As vehicular autonomy draws closer to reality, automotive players are locked in a high-stakes competition for top talent―and artificial intelligence isn’t the only skill in demand.
Sib Mahapatra is a growth consultant and entrepreneur with a keen interest in the future of work.
In January 2015, some of the best vehicle autonomy researchers in the world began disappearing from the National Robotics Engineering Center (NREC) at Carnegie Mellon University. By the end of that month, 50 staff members had defected from the research institute—fully a third of NREC’s headcount—including many of its top employees and the center’s director.

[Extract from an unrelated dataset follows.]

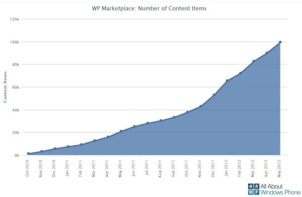 A Windows Phone Marketplace kínálata az elmúlt öt hónap során duplájára nőtt, hiszen az alkalmazás feltöltések száma immáron 100 000 fölé nőtt, vagyis az App Store és a Google Play után harmadikként lépett a hatjegyűek táborba. Fontos megjegyezni azonban, hogy ez a szám nem a jelenlegi katalógus valódi mérete, hanem csupán a Microsoft által ezidáig jóváhagyott tételek száma, melyek közül több mint tízezer idő közben eltávolításra került. Az eredmény ugyanakkor még így is kiemelkedő, hiszen ezen mérföldkövet eddig csak az Apple és a Google tudta átlépni. A Windows Phone Marketplace jelenleg 88 371 alkalmazást kínál letöltésre, mely napi szinten átlagosan 313 új elemmel bővül.

The erstwhile staff members reappeared just a few blocks away, inside a former chocolate factory now owned by Uber Technologies, which had purchased and renovated the space to house the flagship office of its Advanced Technologies Group. Uber had lured the researchers away from NREC with sky-high compensation packages and the promise of making a tangible impact by helping cars drive themselves in the real world—not just in the lab.

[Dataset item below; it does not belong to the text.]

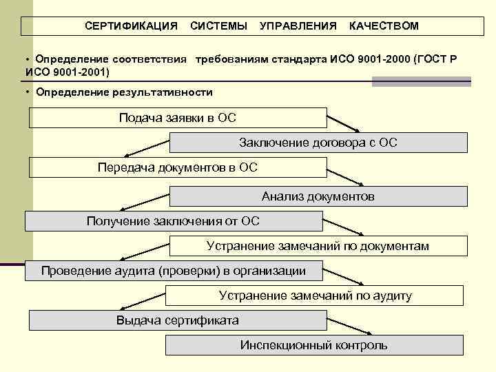 СЕРТИФИКАЦИЯ СИСТЕМЫ УПРАВЛЕНИЯ КАЧЕСТВОМ • Определение соответствия требованиям стандарта ИСО 9001 -2000 (ГОСТ Р ИСО 9001 -2001) • Определение результативности Подача заявки в ОС Заключение договора с ОС Передача документов в ОС Анализ документов Получение заключения от ОС Устранение замечаний по документам Проведение аудита (проверки) в организации Устранение замечаний по аудиту Выдача сертификата Инспекционный контроль

Later that year, Carnegie Mellon and Uber signed a “strategic partnership” to reset their relationship and create a more formal pathway for the university’s researchers to engage with Uber, but other players in the automotive space had already taken notice. As audacious as it was, Uber’s bold maneuver was merely the opening salvo in a battle to find and recruit the most valuable talent in the world—autonomous driving experts—by any means necessary.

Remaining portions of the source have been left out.